Odnośnik do komentarza
https://www.audiostereo.pl/topic/40610-australian-pink-floyd-show/
Udostępnij na innych stronach

Witam!

Też wracać musiałem do Łodzi... Co do kangura, choć jestem bezkrytycznyn fanem Floydów, to mnie raczej rozśmieszył, bo odczytałem go raczej jako pokazanie dystansu do samych siebie, niż parodię, czy profanację. Show świetny, ale niestety nie odczuwałem tych emocji, które towarzyszyły mi na Watersie w Warszawie, czy Gilmourze w stoczni. Wyjątek to wokaliza z "Great Gig..."

Kangur to pokazanie swoistej odrębności i dystansu coverbandu do twórczości PF :) Przewijał się wszędzie, polecam stronę ww grupy.

Koncert dobry, na płycie dźwięk ok. Wyczuwałem jakąś tremę, jakiś brak wyluzowania w wielu momentach (może to ta Emma + niskie ciśnienie + pierwszy raz w Polsce). Niektóre momenty zagrane "schematycznie", bez feelingu. Basista chory. Ale ogólnie jako wydarzenie - super. Ola pięknie śpiewała (no, może mogłaby trochę bardziej zróżnicować emocjonalnie wokalizy...).

Ogólnie - warto było powalczyć z wiatrem na trasie z i do Wawy. Nawet bardzo.

No właśnie to był koncert bez ducha, który towarzyszy występom Floydów, niestety teraz tylko w pojedynkę. Do wymienionych koncertów dodał bym występ Watersa w Pradze w zeszłym roku w ramach trasy Dark side of the moon.
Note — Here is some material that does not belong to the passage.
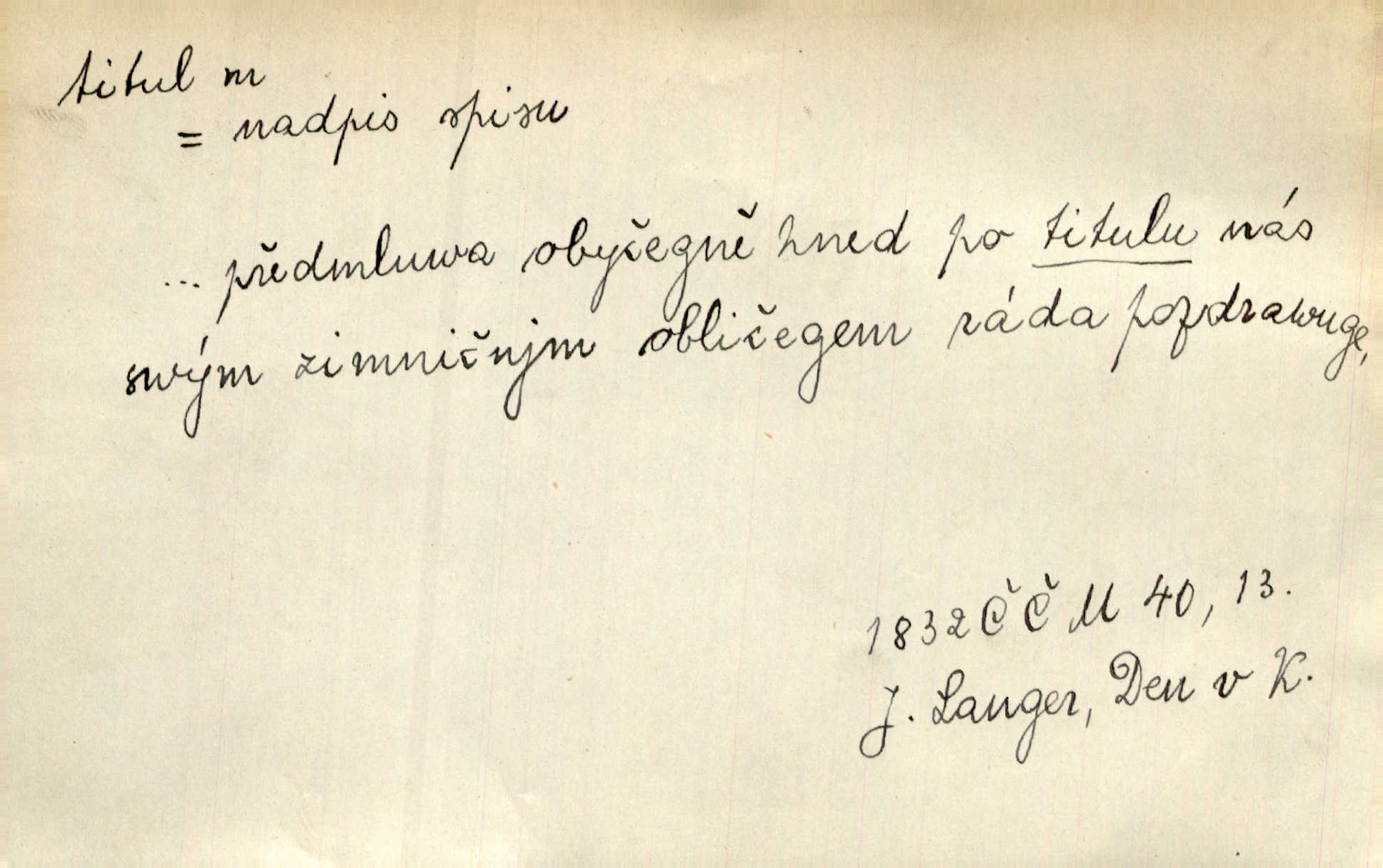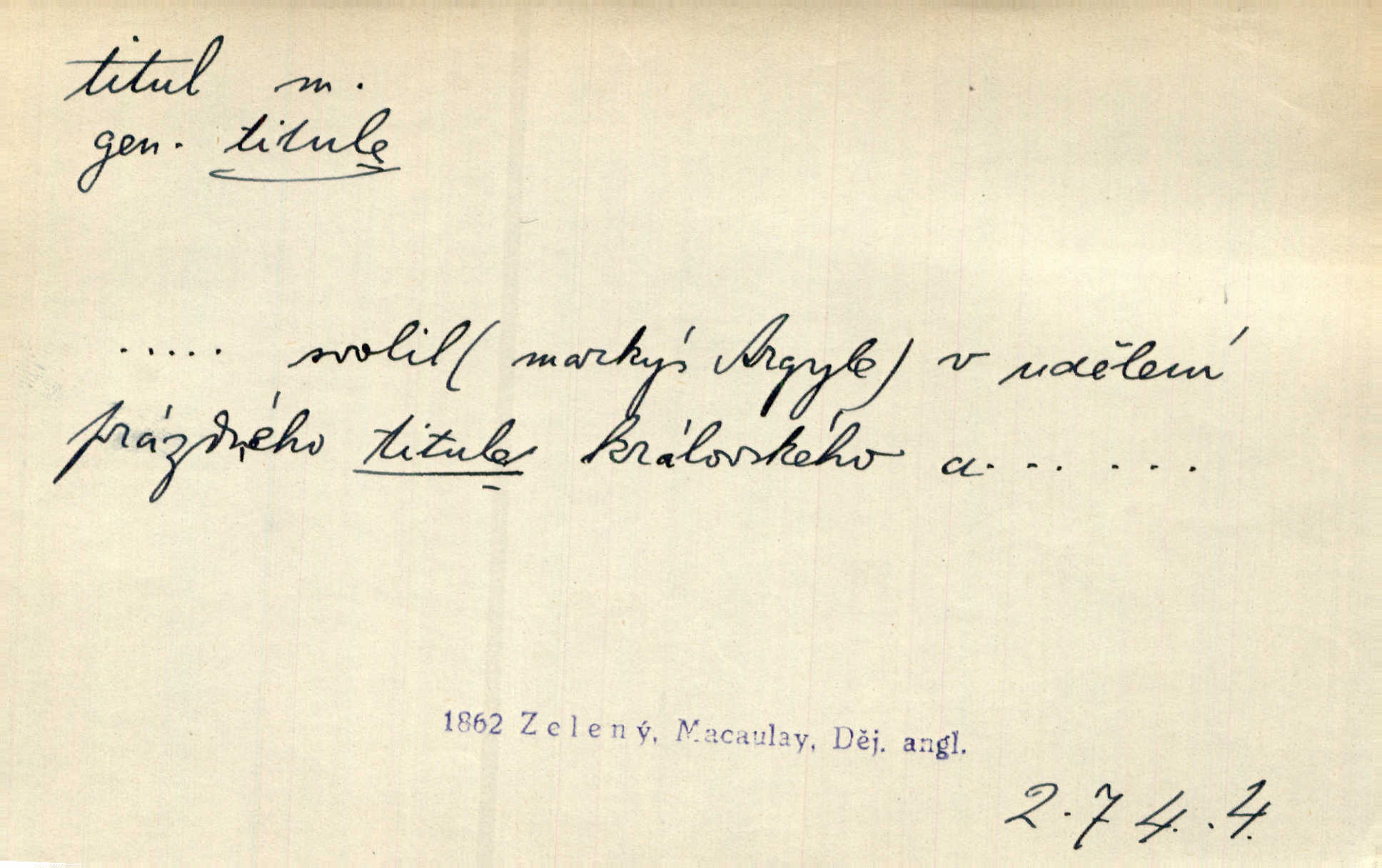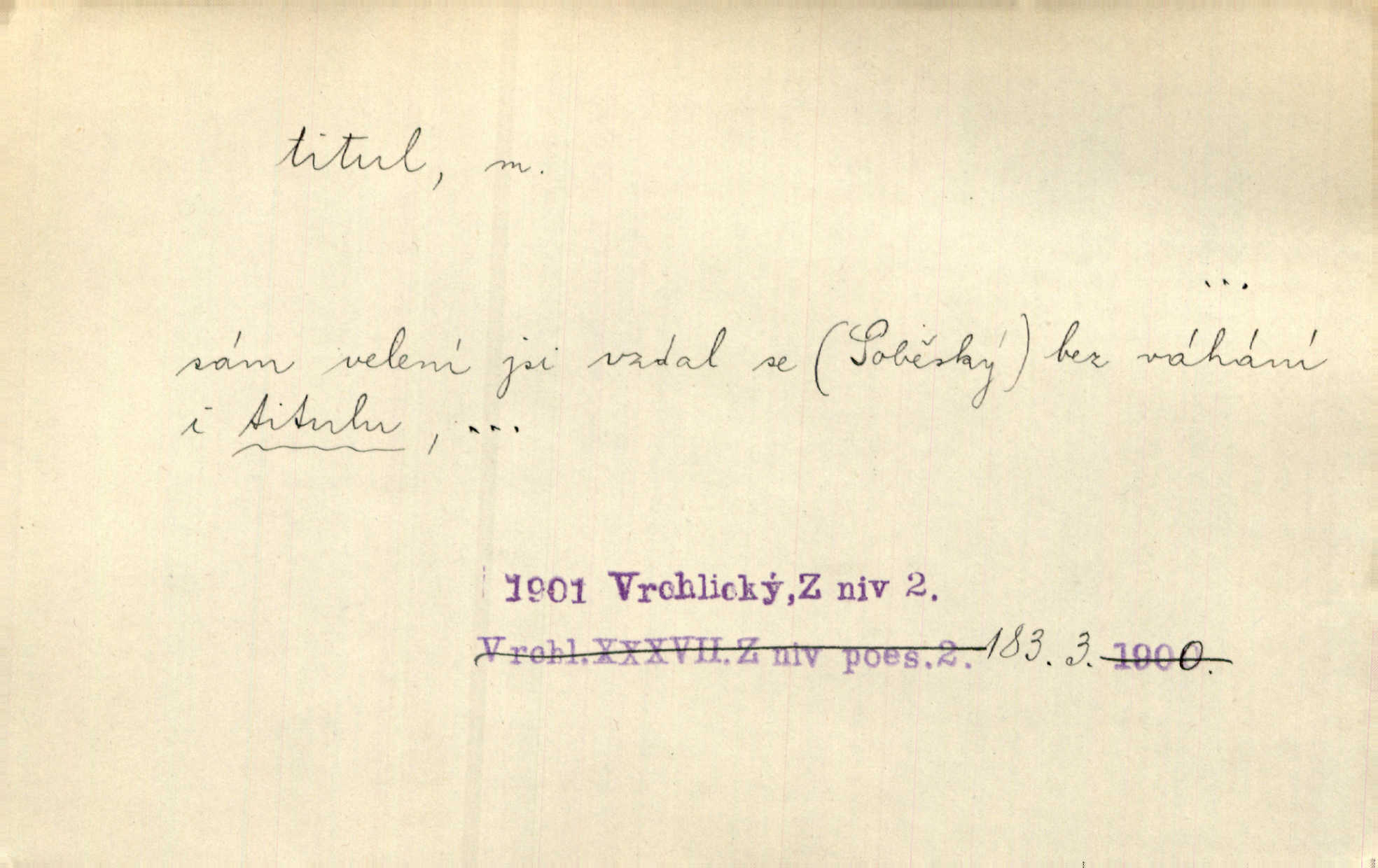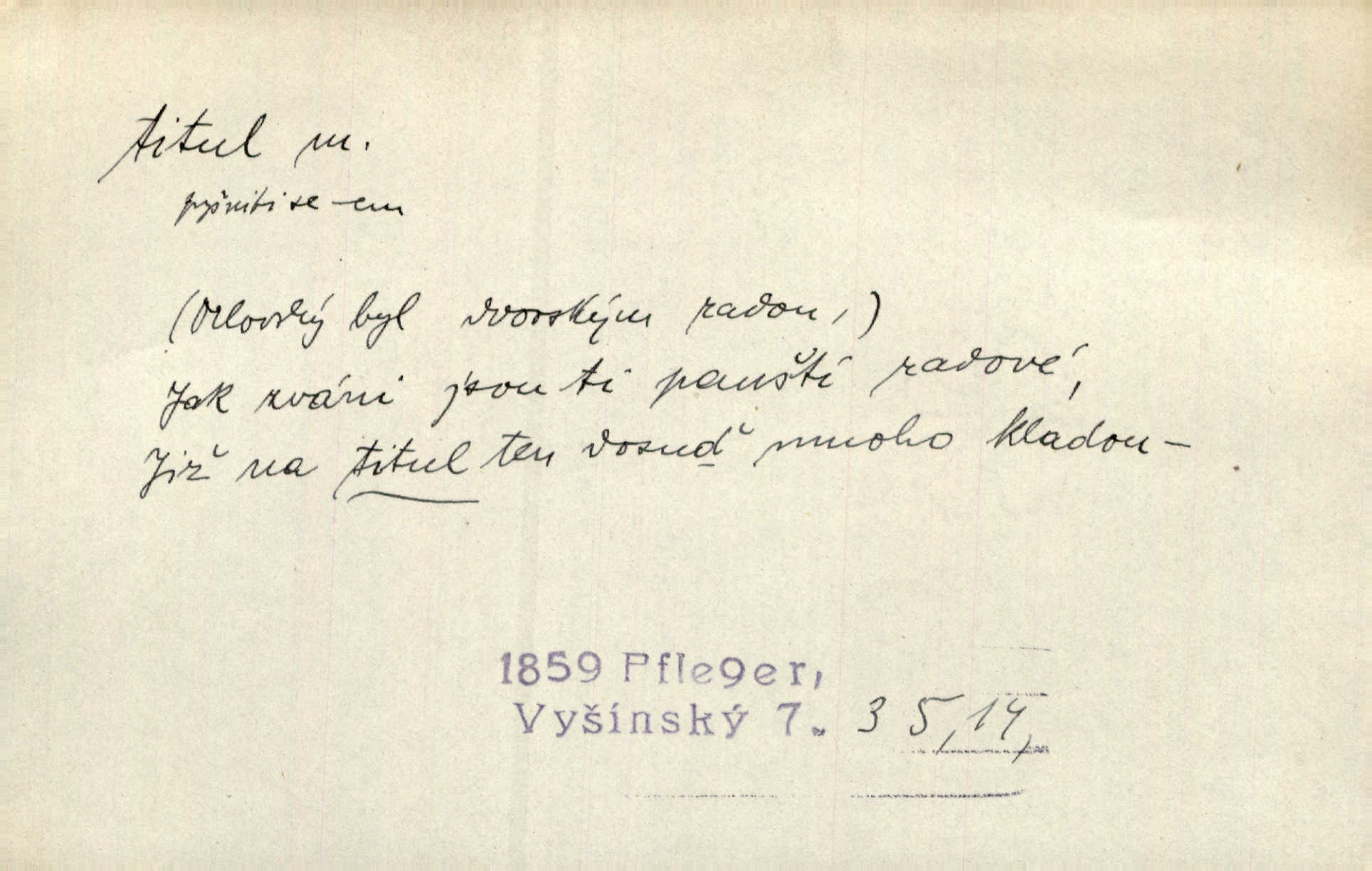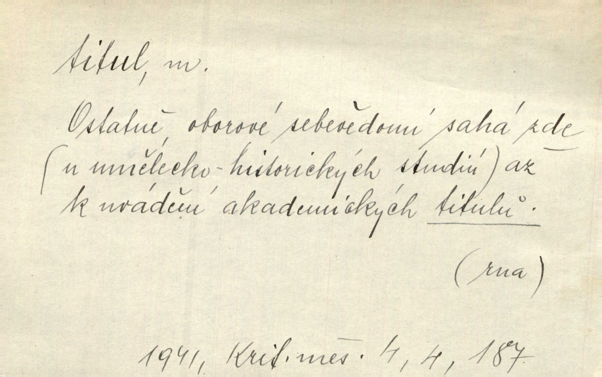 - titul (vysl. ty-), -u m. název hodnosti, postavení nějaké osoby; oslovení, pojmenování nějaké osoby. Albrecht přijal na se titul krále Římského. Pal. Mnozí generálové položili základ k rodovému jmění i k titulům, jichž potomci až dosud užívají. Rez. Znal jen tituly důstojníků a několika jiných pánů. Jir. Když Herites vystoupil z lékárny, oslovil jsem ho titulem „pane lékárníku“. Jir. Prostým občanům lichotilo zasedat u jednoho stolu se vzdělanci s akademickým titulem. Lum. Mladý hodinář řekl to dvorně, po městsku, s titulem „panna“. Jir. Na titul královny plesu zdála se mu činit největší nároky Cilka. V. Mrš. Žert. Již zdaleka přivítal běšínský pán svého čeledína hromobitím titulů, mezi nimiž hulvát a halama nejvyšší hodnosti naznačovaly nadávek. Čech. Při tom dostalo se pateru Amandovi za jeho umění léčebné nejednoho titulu málo lichotivého. Jir. D název, nadpis knihy n. jednotlivých jejích částí, článků a pod. Mezi spisy Chelčického vřaditi lze traktát vepsaný bez zvláštních titulů čili nadpisů. Goll. Titul knihy objasňuje se v předmluvě. Jir. List u desky byl utržen a s ním větší část titulu. Jir. Jej všecko znepokojuje, odtud trefný titul jeho první knihy. Vrch. D odstavec, oddíl v zákonech a p. Každý díl rozpočtu rozdělen je na kapitoly, tituly a pododdělení. Čes. pol. Obsáhlý rozdíl druhý jednající o poměrech právních dělí se na 3 tituly. Ath. D Kniž. důvod, odůvodnění. Konečně přestaly tyto nesmyslné státní výdaje z titulu „naléhavosti poměrů“. Výb. Pěvecká povinnost byla po něm vymáhána z titulu starostenské moci. Kop. Začneme přehlídku díla Alfreda de Vigny básněmi. Nebylo již od počátku pochybnosti, že v nich jest hlavní titul slávy básníkovy i jeho významu. Vrch. Práv. pravní důvod, nárok, právo na něco.

Zaprezentowana wdrugiej części rozbudowana wersja Ciemnej strony była wspaniała, wokaliza w Great gig in the sky też wspaniała, ponadto utkwiło mi w pamięci wejście na bębnach w Time-niesamowite.

  • 6 miesięcy później...

Temat powraca a raczej powróci w przyszłym roku i to we Wrocławiu :))) z czego niezmiernie się cieszę. Mam nadzieję, że ten koncert będzie miał "ducha" starego ducha pink floydów ... jeszcze tkwi w mojej głowie informacja o śmierci Richarda Wrighta... Mam nadzieję, że 30 rocznica The Wall będzie wystarczającym impulsem do tego by poczuć to coś ...

... to, że 31 stycznia odbędzie się jubileuszowy koncert "The Wall" właśnie we Wrocku :)

 

poniżej link, gdzie można jeszcze dorwać ostatnie sztuki biletów ale wiem, że jeszcze kilka jest na innych portalach.

 

Ukryta Zawartość

    Zaloguj się, aby zobaczyć treść.
Zaloguj się, aby zobaczyć treść (możliwe logowanie za pomocą )

 

Pozdrawiam, Cyp

Ukryta Zawartość

    Zaloguj się, aby zobaczyć treść.
Zaloguj się, aby zobaczyć treść (możliwe logowanie za pomocą )
  • 4 miesiące później...

Właśnie wróciłem z koncertu. Generalnie nie jestem fanem Floydów. Wolę raczej cięższe brzmienia.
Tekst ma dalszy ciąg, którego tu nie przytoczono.